> _TASK PROMPT_
Hand back every line from the beginning of the data below through the line containing "Dámská elegantní plizovaná", word for word and free of pictures.

> _PROVIDED RECORDS_

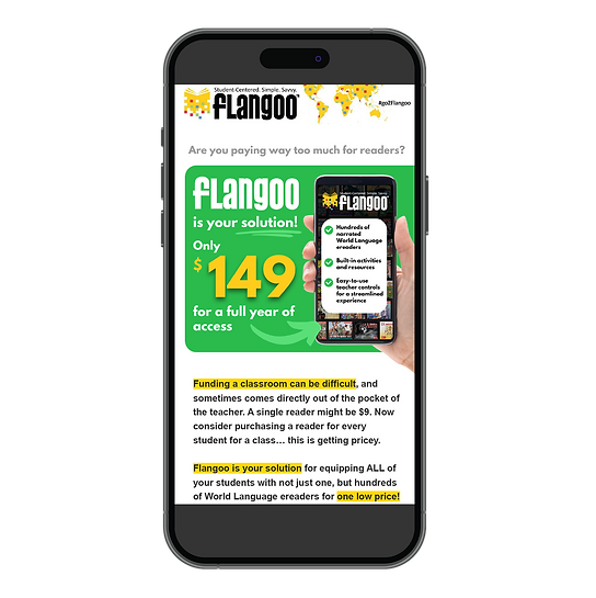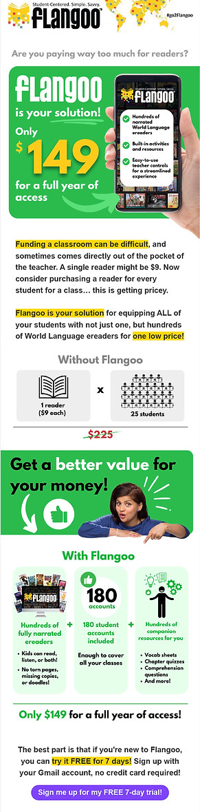 Flangoo is a digital library offering e-readers and teaching tools for pre-level 1 through level 3 Spanish, French, and German classrooms. My goal was to attract new customers and retain existing ones by reinstating weekly emails and re-establishing automated emails for current subscribers and trialists. My approach was to highlight available offers for all current customers and potential customers (free trials, subscriber discounts) while emphasizing website features and incentives (built-in narrations, comprehension activities, available titles, etc).
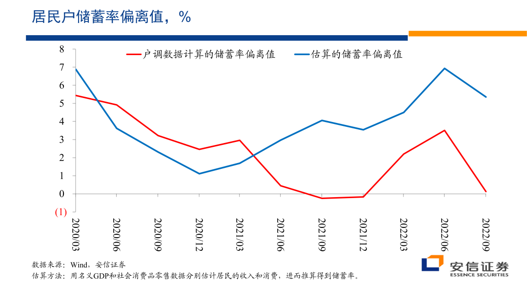 这样的上升一部分是因为部分的线下消费活动不可得,形成了被动的储蓄,另外一部分也可能来源于大家对未来收入的稳定性和可能性的信心下降,在这样的条件下,它需要有更多的储蓄。但是上面的蓝色的线是我们基于宏观的数据,基于宏观的国民收入,基于宏观的消费数据所反推出来的居民户部门的储蓄率。我们看到这两个数据有一定的差别,特别是在疫情以来,它们的走势的方向以及的水平应该说差别比较大,甚至是越来越大。
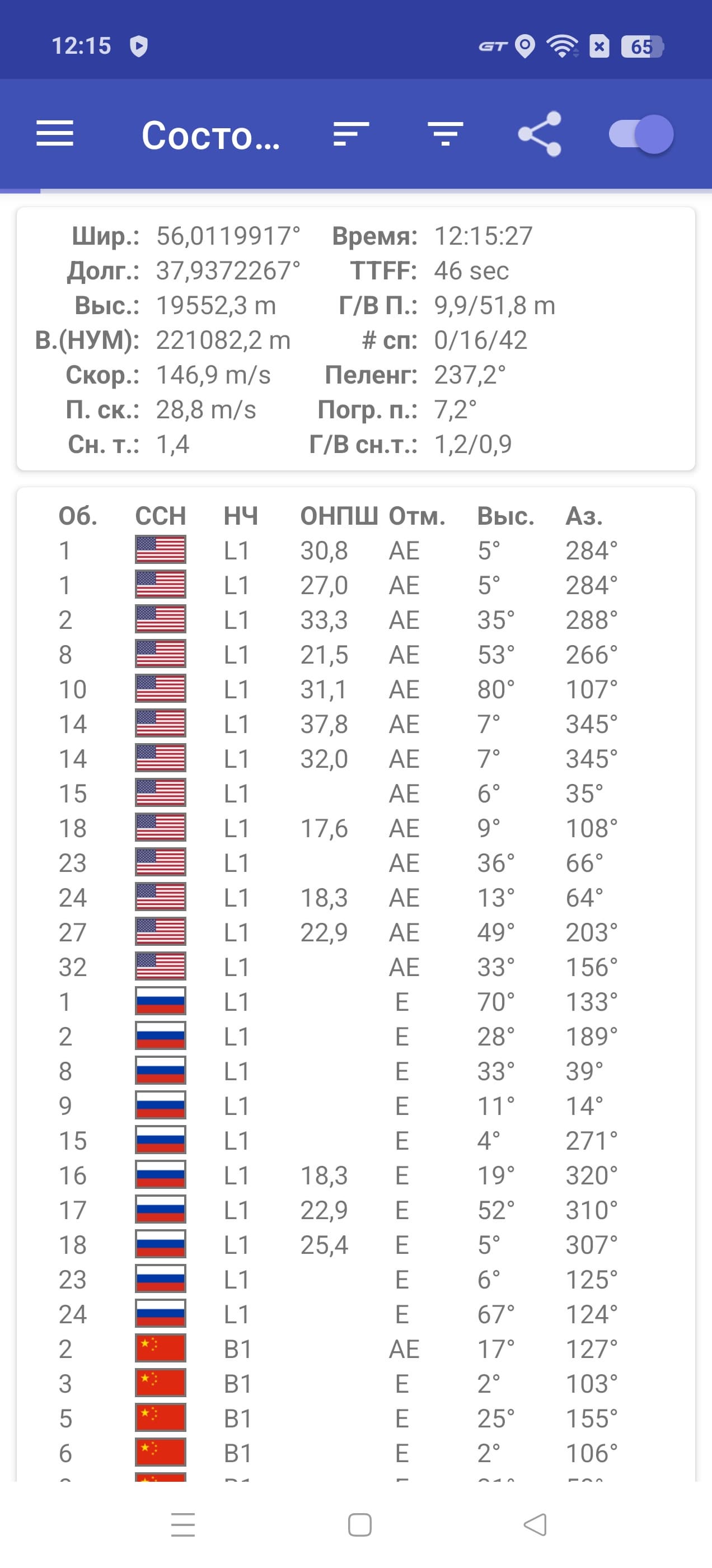 Для смартфона заявлен двухканальный приемник GPS (как минимум), однако специализированный тест подтвердил работу лишь в одноканальном режиме. Также он работает с Глонасс, BDS и Galileo. Первые спутники при холодном старте обнаруживаются небыстро, точность позиционирования не вызывает претензий.
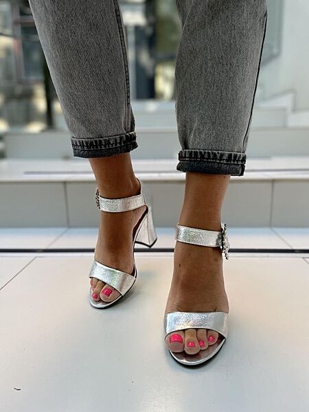 Босоножки женские MISSKA D287-V2340 серебряные лето, эко-кожа 4452
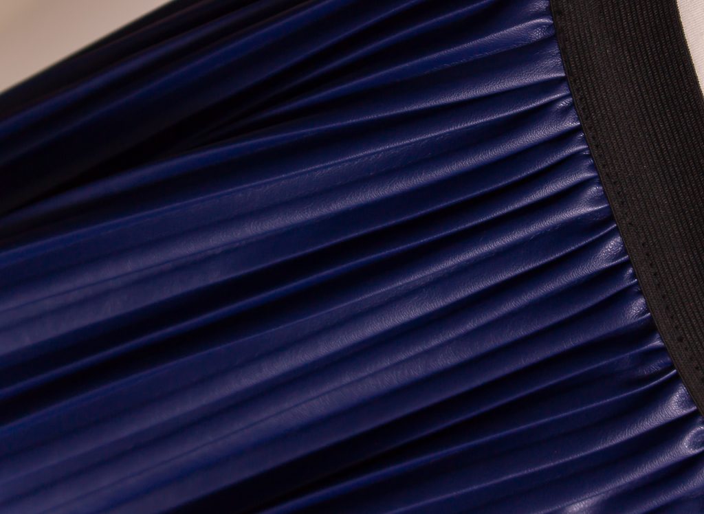 Dámská elegantní plizovaná sukně celá z koženky v modré barvě. Sukně je v pase na černou gumu. Vhodná k jednoduchému tričku či košili, jak do města tak i pro volný čas.
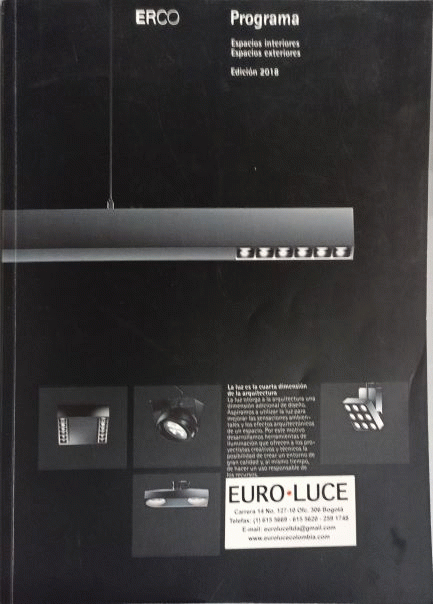 Introducción. -- Interior. -- Raíles electrificados y estructuras luminosas. -- Luminarias para raíles electrificados. -- Proyectos empotrables, bañadores empotrables y bañadores de pared empotrables. -- Luminarias empotrables en el techo. -- Luminarias de superficie. -- Luminarias pendulares. -- Luminarias para puestos de trabajo. -- Luminarias de pared. -- Luminarias empotrables de suelo. -- Exterior. -- Proyectores, bañadores y bañadores de pared. -- Luminarias de fachadas. -- Balizas. -- Luminarias empotrables en el techo. -- Luminarias de superficie. -- Luminarias empotrables de suelo. -- Anexo.
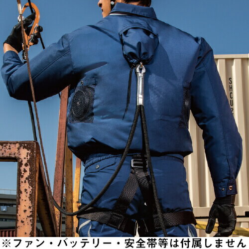 |商品名|ファン穴付き長袖ブルゾン 空調服 フルハーネス用 ファン無し 空調風神服|メーカー|サンエス|品番|KU90470F|カラー|3_ネイビー、4_ブルー、6_シルバー|サイズ|M、L、LL、XL、4L、5L|素材|交織トロピカル:綿25% ポリエステル75%|機能|背部ランヤード取り出し口、ファン脱落防止ネット、取り外し式フック掛けD環|サイズ表|単位:cm着丈肩巾袖丈胸囲M645054116L665256120LL685458124XL7056601324L7058581405L706058148|サイズ区分|メンズ|年間区分|春夏|備考|・ファン、バッテリー、ケーブルは別売りです炎天下の車内等、高温の場所に放置しないようご注意下さい※火気を扱う場所でのご注意溶接等の火花が飛ぶ場所などでは使用厳禁!!!溶接、たき火、ストーブ、鋳造現場、その他火花が飛ぶ場所などでは着用しないでください|デバイス対応メーカー|【サンエス】【ミズノ】【ビッグボーン】【アタックベース】【大川被服】【コーコス信岡】※必ず対応メーカーの商品の組み合わせでご使用ください。
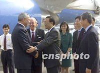 ![]() 美國國務卿鮑威爾二十八日八時十五分抵達北京國際機場,開始對中國的訪問。中新社記者 滿會喬 攝 ![]() 美國國務卿鮑威爾二十八日上午八時十五分抵達北京國際機場,開始對中國的訪問。中國駐美大使楊潔篪和美國駐華大使雷德等前往機場迎接。中新社記者 滿會喬 攝
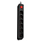 Особое внимание традиционно уделено безопасности. За сохранность самих фильтров-удлинителей и подключенных к ним приборов ответственны варисторная защита от перегрузок и термоконтроль, способные выдержать любые неполадки в питающей сети, а также обеспечить защиту от высоковольтных разрядов. Специальные шторки внутри розеток не допускают попадания посторонних предметов в разъем, что будет особенно полезно при использовании в одном помещении с детьми и домашними животными. Ну и, конечно, приборы абсолютно пожаробезопасны и защищены от физических воздействий благодаря корпусу из ударопрочного и негорючего ABS-пластика.
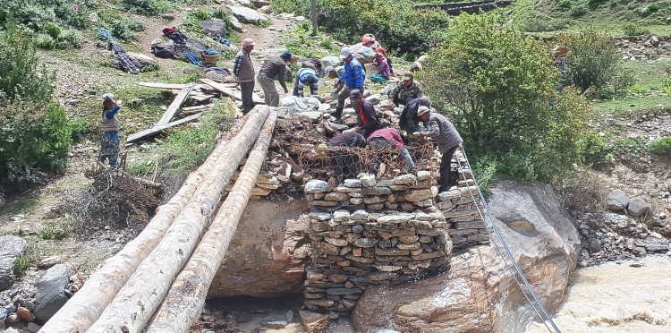 अहिले गाउँपालिकाको छाङ्गरुदेखि तिङ्कर गाउँ जाने तीन काठे पुल सुरक्षाकर्मी, जनप्रतिनिधि र स्थानीयले श्रमदानमा निर्माण गरेको वडाध्यक्ष अशोकसिंह बोहराले बताउनुभयो । बोहराका अनुसार नाम्पा खोला, तिङ्कर खोलामा बगाएको काठे पुल अहिले लगाएर आवतजावत गर्न सुरु गरिएको छ । उहाँले केही ठाउँमा हिँड्डुल गर्न सक्ने गरी बाटो पनि खोलेको तर पशुचौपायासहित हिँड्डुल गर्न भने अझै बाटो नबनेको बताउनुभयो । उहाँले भन्नुभयो, “बाटो निर्माणका लागि ठुलो रकमको आवश्यकत्ता छ, दुई वर्षअघि गाउँपालिकाले ठेक्का आह्वान गरेर पैदलबाटो निर्माण गरेको थियो, तर त्यो पूरै बाढीले कटान गरेपछि तिङ्करबासीलाई समस्या भएको छ ।” -रासस

> _RESULT_
 Flangoo is a digital library offering e-readers and teaching tools for pre-level 1 through level 3 Spanish, French, and German classrooms. My goal was to attract new customers and retain existing ones by reinstating weekly emails and re-establishing automated emails for current subscribers and trialists. My approach was to highlight available offers for all current customers and potential customers (free trials, subscriber discounts) while emphasizing website features and incentives (built-in narrations, comprehension activities, available titles, etc).
 这样的上升一部分是因为部分的线下消费活动不可得,形成了被动的储蓄,另外一部分也可能来源于大家对未来收入的稳定性和可能性的信心下降,在这样的条件下,它需要有更多的储蓄。但是上面的蓝色的线是我们基于宏观的数据,基于宏观的国民收入,基于宏观的消费数据所反推出来的居民户部门的储蓄率。我们看到这两个数据有一定的差别,特别是在疫情以来,它们的走势的方向以及的水平应该说差别比较大,甚至是越来越大。
 Для смартфона заявлен двухканальный приемник GPS (как минимум), однако специализированный тест подтвердил работу лишь в одноканальном режиме. Также он работает с Глонасс, BDS и Galileo. Первые спутники при холодном старте обнаруживаются небыстро, точность позиционирования не вызывает претензий.
 Босоножки женские MISSKA D287-V2340 серебряные лето, эко-кожа 4452
 Dámská elegantní plizovaná sukně celá z koženky v modré barvě. Sukně je v pase na černou gumu. Vhodná k jednoduchému tričku či košili, jak do města tak i pro volný čas.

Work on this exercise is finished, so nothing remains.